::: Data :::

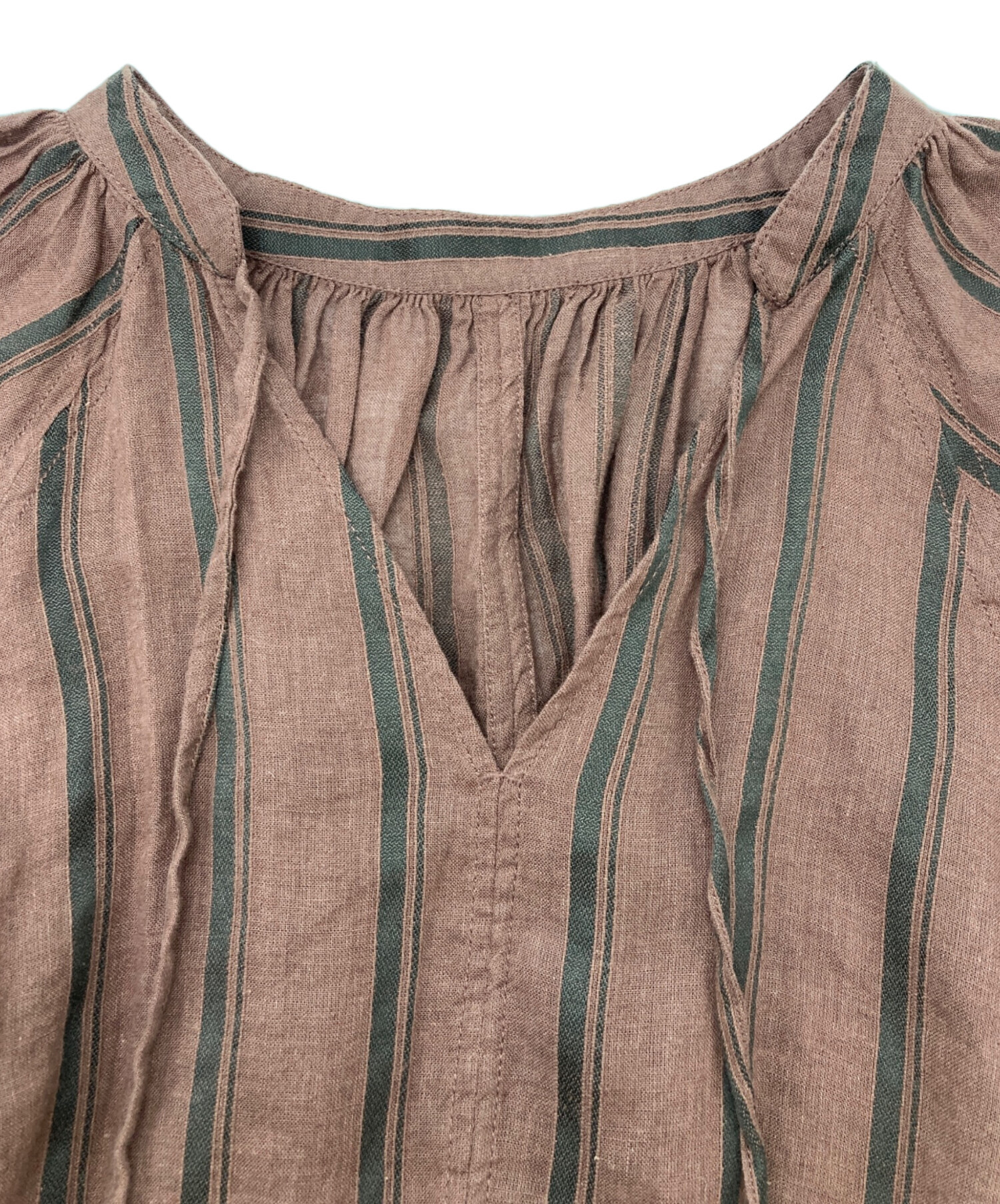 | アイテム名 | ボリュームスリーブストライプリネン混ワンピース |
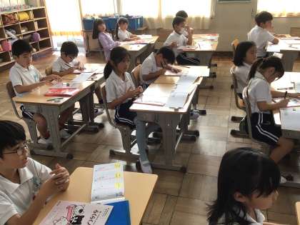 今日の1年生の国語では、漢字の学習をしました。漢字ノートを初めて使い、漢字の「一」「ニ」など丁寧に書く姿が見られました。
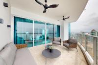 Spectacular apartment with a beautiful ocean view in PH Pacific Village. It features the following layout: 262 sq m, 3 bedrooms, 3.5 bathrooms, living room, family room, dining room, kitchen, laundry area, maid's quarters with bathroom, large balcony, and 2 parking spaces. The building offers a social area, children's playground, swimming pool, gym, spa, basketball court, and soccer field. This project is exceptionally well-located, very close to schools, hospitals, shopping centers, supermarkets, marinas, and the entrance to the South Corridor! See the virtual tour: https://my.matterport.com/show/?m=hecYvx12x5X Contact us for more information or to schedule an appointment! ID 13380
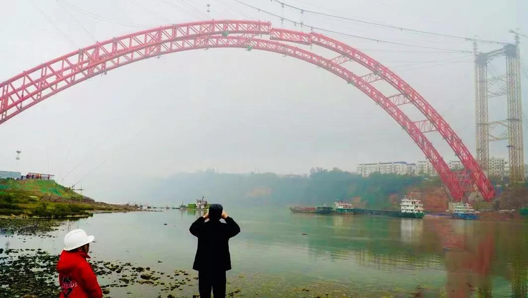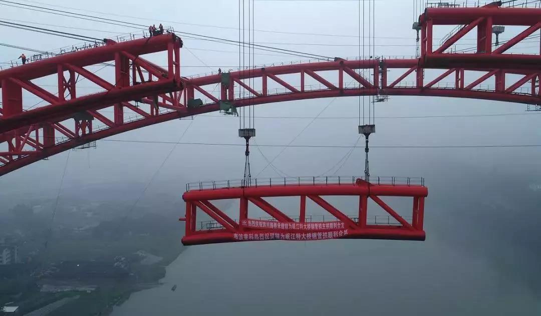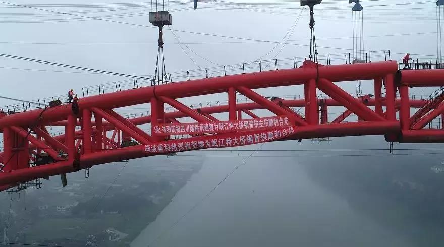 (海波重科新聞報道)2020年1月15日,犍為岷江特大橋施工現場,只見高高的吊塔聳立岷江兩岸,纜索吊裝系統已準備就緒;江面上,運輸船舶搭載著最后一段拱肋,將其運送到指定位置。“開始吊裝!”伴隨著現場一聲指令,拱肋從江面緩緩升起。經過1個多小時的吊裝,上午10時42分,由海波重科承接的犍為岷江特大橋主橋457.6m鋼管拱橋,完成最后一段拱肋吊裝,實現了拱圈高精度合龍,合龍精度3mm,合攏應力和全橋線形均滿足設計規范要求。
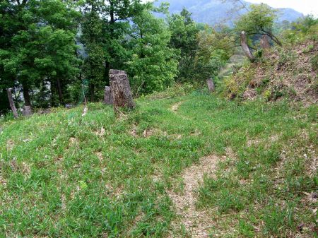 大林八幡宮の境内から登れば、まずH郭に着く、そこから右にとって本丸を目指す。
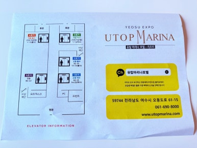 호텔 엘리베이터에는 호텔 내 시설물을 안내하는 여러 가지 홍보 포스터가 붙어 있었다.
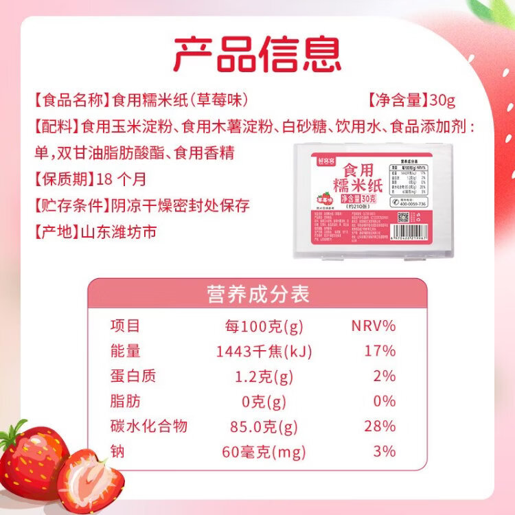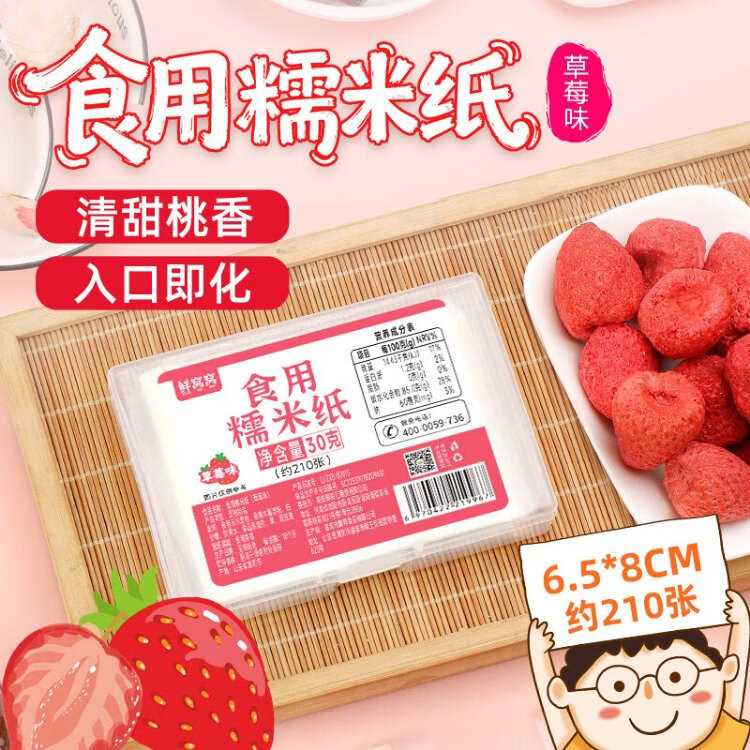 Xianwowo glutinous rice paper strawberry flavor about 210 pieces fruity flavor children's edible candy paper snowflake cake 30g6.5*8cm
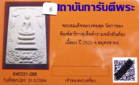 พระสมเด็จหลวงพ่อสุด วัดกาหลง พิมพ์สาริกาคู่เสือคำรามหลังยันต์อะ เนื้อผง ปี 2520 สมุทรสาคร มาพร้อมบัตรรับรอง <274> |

:::

> About this task
With pictures left out, print the lines of the material above from the line containing "大林八幡宮の境内から登れば、まずH郭に着く、そこから右にとって本丸を目指す。" through its last line, exactly and nothing more.

> Answer area
 大林八幡宮の境内から登れば、まずH郭に着く、そこから右にとって本丸を目指す。
 호텔 엘리베이터에는 호텔 내 시설물을 안내하는 여러 가지 홍보 포스터가 붙어 있었다.
 Xianwowo glutinous rice paper strawberry flavor about 210 pieces fruity flavor children's edible candy paper snowflake cake 30g6.5*8cm
 พระสมเด็จหลวงพ่อสุด วัดกาหลง พิมพ์สาริกาคู่เสือคำรามหลังยันต์อะ เนื้อผง ปี 2520 สมุทรสาคร มาพร้อมบัตรรับรอง <274> |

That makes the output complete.